PRP-3: A PS-DVB stationary phase designed for the separation of macromolecules. It is derived from PRP-1 but optimized to a 300 Å pore size. The rugged, fully polymeric structure support a broader range of peptide separations and harsh conditions.
PRP-h5: A pentafluorobenzene (h5) functional group bonded to a PS-DVB backbone. This moderately polar, electron-deficient stationary phase provides unique selectivity for certain polar moieties on peptides, resulting in improving resolution where conventional C18 phases may fall short.

Image App Note Reference: Separation of Biologically Active Increasing Length Peptides

Hamilton Separation of Biologically Active Increasing Length Peptides

Columns for Smaller Peptides (100 – 160 Å Pore Size)

For smaller peptides, Hamilton also offers two chemistries with smaller pore sizes (160 Å and 100 Å)

PRP-C18: The Hamilton PRP-C18 is a polymer-based reversed-phase column designed to provide high-efficiency, reversed-phase separations over an extended column life in a wide range of mobile phases and pH conditions. The C18 ligand delivers additional aliphatic interaction, while the PS-DVB support can contribute to the aromatic interaction.
PRP-Z2: PRP-Z2 was specifically engineered to maximize polar retention through a combination of deeper pores, higher surface area, and embedded polar moieties. These features improve retention and selectivity for highly polar and cationic analytes. PRP-Z2 particles have a 160 Å pore size that is well suited for the separation of small peptides.

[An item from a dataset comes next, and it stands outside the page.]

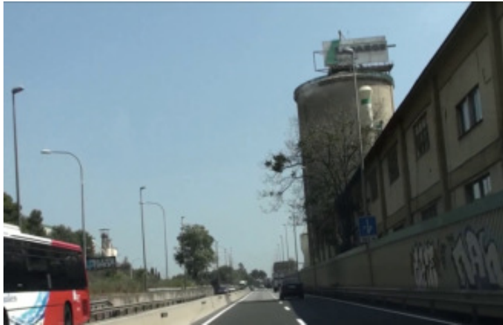
Tram sense vorals

The precision: Column Format for High-Sensitivity LC-MS

For high-sensitivity LC-MS work, using 2.1 mm ID columns with sub-2 µm particles has become the gold standard for maximizing signal-to-noise ratios and minimizing solvent consumption.

As an alternative, a 250 x 4.6 mm UHPLC column packed with 3 – 5 µm particles can be used when higher loading capacity or compatibility with standard HPLC system is desired.

The Role of Precision Hardware

A great column is only half the story. Even the best separation can be ruined by poor sample handling or system dead volume.

This is where Hamilton enters the narrative. Known globally as a leader in polymeric columns among HPLC companies, Hamilton also provides precision fluid handling tools—from high-performance syringes to specialized valves—that help ensure the sample reaches the column without extra-column effects that degrade peak shape. In many labs, a Hamilton syringe is the first step in a high-stakes peptide analysis.

If you are looking for the highest likelihood of success in your next run, the "best" setup is typically:

300 Å C18 reversed-phase column—or a specialized polymeric option like the Hamilton PRP family of stationary resins
Paired with high-precision hardware to maintain sample integrity from vial to detector.